4.4.3. Morbidity of Bone Disease

The greatest morbidity at diagnosis is due to bone disease, and the association of vertebral fractures with a decline in PS indicates a subgroup which may benefit from enhanced supportive care, such as the appropriate use of bisphosphonates, good analgesia and a physical activity programme [51].

4.5. Strengths and Limitations

The strengths of this study are the large number of patients, contemporaneous data collection, capturing the patients’ own words and information on those who were asymptomatic with an incidental diagnosis. Another strength is a clean dataset of patients with active MM requiring treatment compared to registry studies that do not distinguish between smouldering and active myeloma (Table 7) [2,8,9].
A limitation of our study is that the trial population recruited was younger (median 67 versus 70 years) than expected from the population data [28]. Patients who enter trials may be more willing to seek medical care and represent an earlier symptomatic group than a real-world myeloma population. Symptom data and dates were based on patient recall and may have suffered from omission or inaccuracy, especially the underestimation of time intervals. The total irreversible organ damage was underestimated, since it did not include those with non-spinal fractures who may have suffered from an incomplete return of function. Bone disease and vertebral fracture were strongly associated with back pain and might possibly trump other symptoms, causing the underreporting of less prominent symptoms. Nevertheless, the symptoms reported represented what patients thought was of the most importance.

5. Conclusions

At a multiple myeloma diagnosis, the symptom burden is high, dominated by pain, and irreversible organ damage is frequent. Unfortunately, myeloma symptoms are non-specific, and therefore, a long diagnostic pathway is likely to continue if we rely upon healthcare workers to think of the diagnosis before a myeloma screen is performed. Our data support the need to identify those with a precursor disease by some form of screening.
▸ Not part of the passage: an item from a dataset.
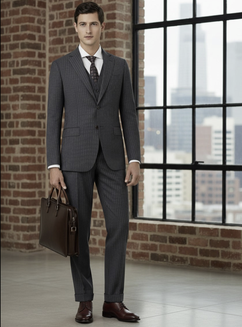Mid Grey Pinstripe Single Breasted / Three Piece Suit Italian Pure Wool Super 110'S

Trials of screening using algorithms combining symptoms and/or imaging or laboratory changes may improve the speed of a myeloma diagnosis.

Supplementary Materials

The following supporting information can be downloaded at: https://www.mdpi.com/article/10.3390/cancers15133337/s1: Figure S1. Consort diagram showing participant responses to questions regarding symptoms related to multiple myeloma. Table S1. TEAMM trial eligibility criteria. Table S2. Symptom questions asked of patients at trial entry. Table S3. Categorisation of the total symptoms/reasons for referral reported by the time of active MM diagnosis. Table S4. Fractures reported on case report forms at trial entry taken from imaging reports. Table S5. Major symptom groups in relation to the prognostic factors and CRAB features at trial entry. Table S6. Broad symptom profile in relation to potentially irreversible organ damage (renal failure and imaging-reported vertebral fractures).

Author Contributions

S.B., M.T.D., G.I., C.A., G.P., K.Y., R.D.N., T.P. and J.D. designed the study. C.A., S.B. and M.T.D. categorised the symptoms. G.I. performed the statistical analysis. S.B. and C.A. wrote the manuscript. K.K., S.J., S.S., S.B., G.P., S.A., P.T. and F.W. recruited the participants. All authors have read and agreed to the published version of the manuscript.

Funding

This study was funded by the National Institute for Health Research (NIHR) Health Technology Assessment Programme (grant no. 08/116/69), including the publication costs. Additional funding was provided by Myeloma UK reference MUK2021.ED03.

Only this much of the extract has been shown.